Igual que las constelaciones, el pajarerío quedó excluido del espacio humano. En la ciudad los canarios viven en jaula y las estrellas en fotografías. Su experiencia resulta rudimentaria o nula. Los autores de haikú clásico estuvieron dotados de mirada para los pájaros, residía en su naturaleza, en sus circunvoluciones cerebrales: Basho, Issa, Ryokan, Shiki. El caso extremo sería Yosa Buson, poeta y pintor japonés (1716-1784), cazador de momentos fugaces, realista exquisito. Su traductor al castellano, Alberto Silva, dice que para entender de pájaros hay que pasar tiempo al aire libre, caminar por montañas y prados, ponerse mentalmente a la intemperie (Alada claridad, Pre-textos, Valencia, 2007).
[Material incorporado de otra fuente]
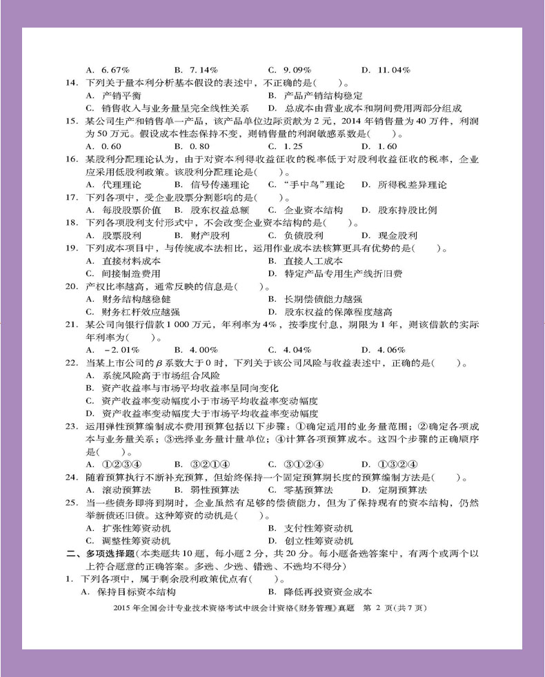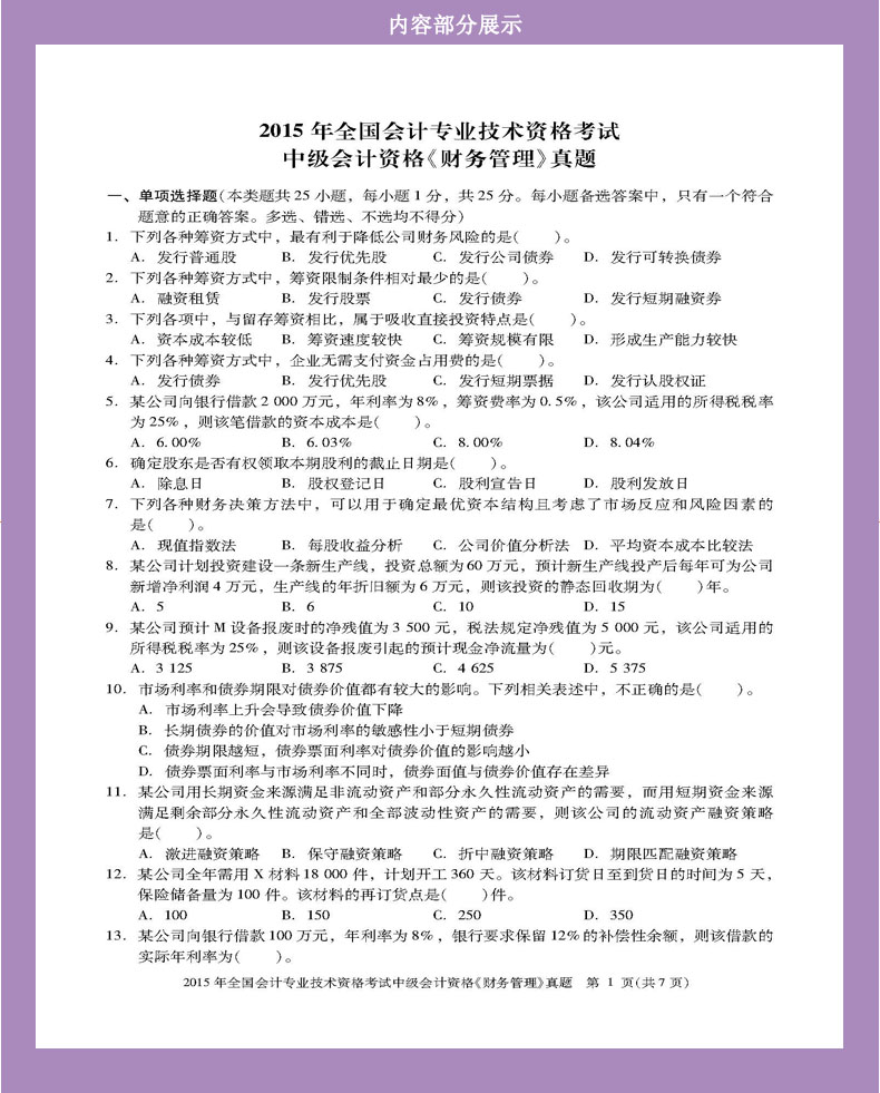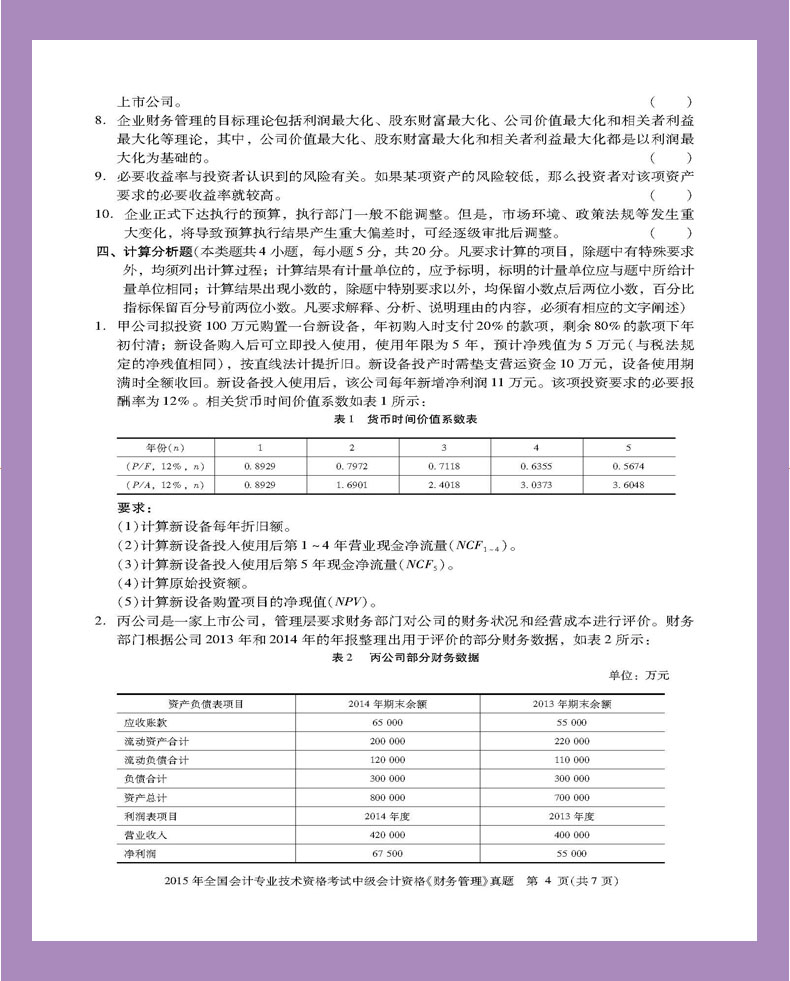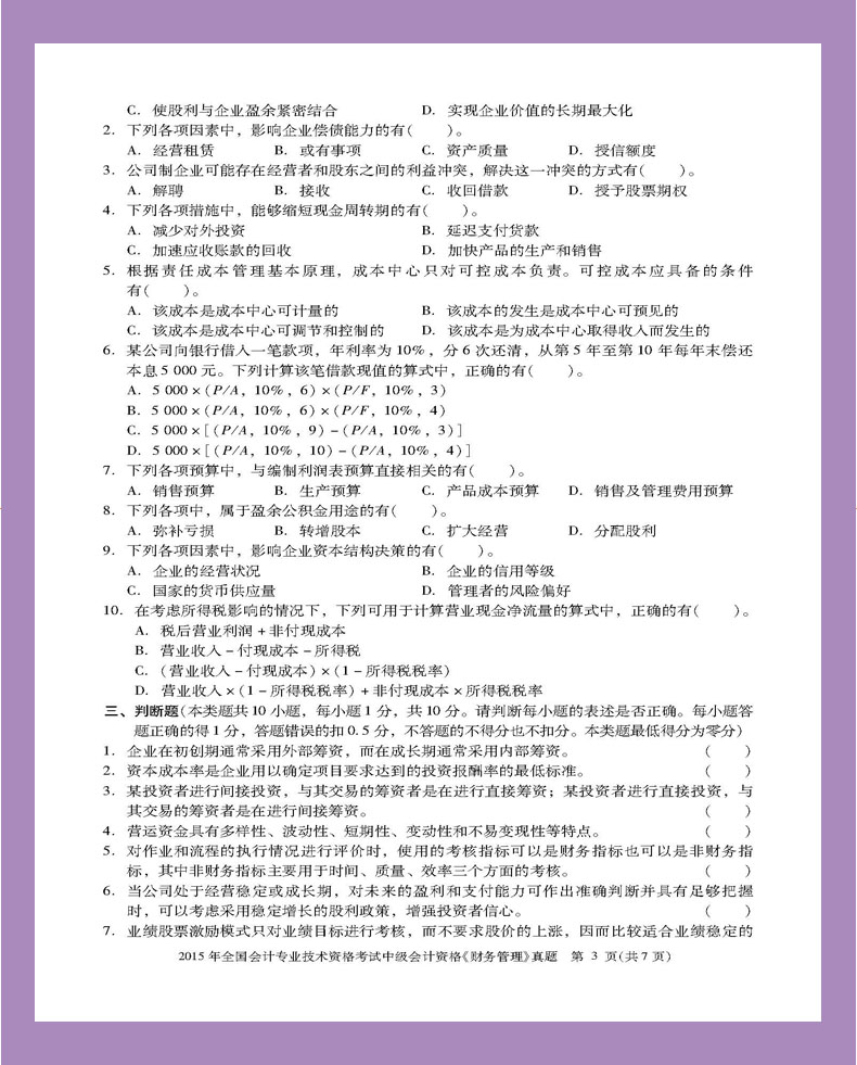 2015年全国会计专业技术资格考试中级会计资格《财务管理》真题

Pero, ¿acaso estas cosas importan? ¿Debemos imponernos el deber inútil de ver estrellas o pájaros, contra el considerable esfuerzo que exige salir al campo? Es más fácil y accesible contar cabezas y osamentas, extraerles ADN y estadísticas. Incluso conversar con los decapitados, como pretende Sam Shepard en su excelente nueva colección de historias, muchas de ellas de alguna manera fonterizas, Days out of Days (Vintage Books, Nueva York, 2010). ¿Será esto andarse con pies de plomo? Ya quién conoce el nombre de cada pájaro, de cada estrella, y para el caso, de árboles y flores. Hasta los poetas y los campesinos usan sólo nombres genéricos, la cosa sin su qué cosa. El resto es televisión.

Bergamín avanzaba en sentido contrario. Tan hemos dejado de pisar el suelo que no somos capaces de mirar con calma y provecho las estrellas ni los pájaros, sólo reconocemos aviones, misiles, humo de incendios. También él se quedaría con Buson: es salir del pantano/y escuchar de nuevo/al ruiseñor.